Они разошлись, даже не пожав рук. Но Семен нагнал Гаврика, посоветовал:

— Скажи там своим, пускай Марусю с детьми заберут. Как бы худо ей не было…

II

Галину разбудил легкий стук в окно. Она привстала на тахте, прислушалась. Было темно, деревья в саду глухо шумели. Стук повторился. Галина вынула из-под подушки маленький браунинг. «Неужели Павлюк? — гневно подумала она. — Что за нахальные шутки!»

— Кто? — спросила она, подойдя к окну и, не получив ответа, распахнула створки, вгляделась в звездную темень.

Кто-то шевельнулся подле ствола груши, шагнул к окну.

— Галинка!

Женщина пошатнулась. «Не может быть!» — мелькнуло в голове.

— Не узнаешь, Галинка? Это я…

— Господи! — невольно вскрикнула Галина; два года назад она без раздумий кинулась бы на этот голос, но сейчас недоверчиво переспросила: — Ты, Сеня?

— Я, я… Ты одна?

— Лезь скорее! — дрожа не то от ночной свежести, не то от внутреннего озноба, шепнула Галина.

Она нащупала на столике свечу и зажигалку и, когда пришелец, влез в комнату, завесила окно шторкой.

— Минуточку, вот я свечку зажгу…

Желтым клинышком затеплился фитилек свечи, она приподняла ее, повернулась, увидела запавшие глаза. Семен протянул к ней руки в коротких тесных рукавах грязной куртки, что-то неуловимо родное было в этом движении, и она снова вскрикнула от изумления, страха, сострадания. Это был он, ее Семен, ее муж, но не знакомый, не близкий, а чужой, ужасный, ничуть не похожий на того, каким она запомнила его в дверях вагона на станции: в пилотке, в новой гимнастерке, с лицом светлым, открытым, смелым.

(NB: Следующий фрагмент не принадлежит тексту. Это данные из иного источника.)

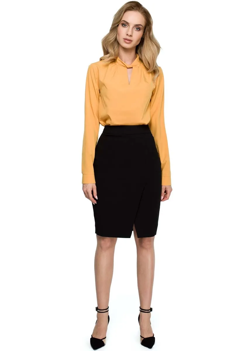 Błękitna asymetryczna kopertowa spódnica z wiązaniem będzie idealnym uzupełnieniem wiosennych strojów. Oryginalnego charakteru nadaje spódnicy asymetryczny dół, który częściowo odsłania nogi. Swój elegancki wygląd spódnica zawdzięcza kopertowemu fasonowi oraz wiązanemu paskowi. Idealny wybór dla kobiet, które cenią wygodę, ale również podążają za trendami. Świetnie wygląda zarówno w stylizacjach casuaowych, jak i w eleganckich. Stawiając na szpilki, uzyskasz szykowny look, a zestawiając ją z płaskimi butami, gładkim t-shirtem , czy ramoneską stworzysz nietuzinkowy, luźny outfit. Materiał: poliester 100%
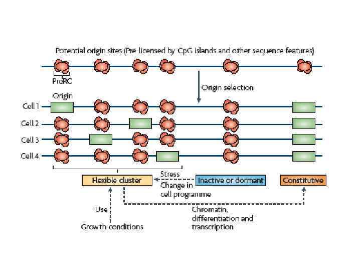 (до G 1/S чекпоинта) 1 2 (G 1/S чекпоинт и далее до G 1 a) Фосфорилирование компонентов ORC 1. Препятствует формированию новых pre. RC 2. Активирует-запускает ориджин

— Галинка! Ласточка моя! — без голоса, одними губами произнес он, не в силах поверить, что видит ее прекрасное, по-детски заспанное лицо.

Его жалкая поза и эта робость, немыслимая в прежнем Семене, ошеломили Галину больше, чем изможденное, в старчески неопрятной щетине лицо. Слезы брызнули из ее глаз, она поставила свечу и припала к его груди, еще не веря реальности происходящего.

Рука Семена обвила ее, его жесткая ладонь царапала ей шею, гладила волосы, шершавые губы целовали ее щеки, и его щетина больно колола кожу; в ушах, как стон раненого, звенел его шепот: «Я так боялся, что не найду тебя!» Она отстранилась, с какой-то жадной ненасытностью еще и еще всматривалась в пугающий облик мужа, сквозь который все отчетливее проступали дорогие черты; наконец, поверив, она снова прижалась к нему, приняла его сердцем, облегченно и радостно назвала:

— Родной мой!

И опять отстранилась, опять исступленно ласкала взглядом сквозь радугу слез, говорила проникновенно:

— Борода-то какая! Не узнать! Не хотела верить! Откуда ты, Сеня, такой больной?

Измученный, обессиленный усталостью и голодом, Семен еле стоял. От молочной сладости ее кожи, от запаха ее волос кружилась голова. Он сказал:

— Из плена, Галинка…

— Из плена? — растерянно, непонимающе повторила она, и вдруг суровый смысл этих слов дошел до ее сознания, оживил в памяти расправу над пленным узбеком; в глазах ее плеснулся откровенный ужас, она воскликнула: — Ты был в плену!? Боже мой! — и тотчас спохватилась, что Семен шатается от голода: — Ты же есть хочешь! Сейчас я…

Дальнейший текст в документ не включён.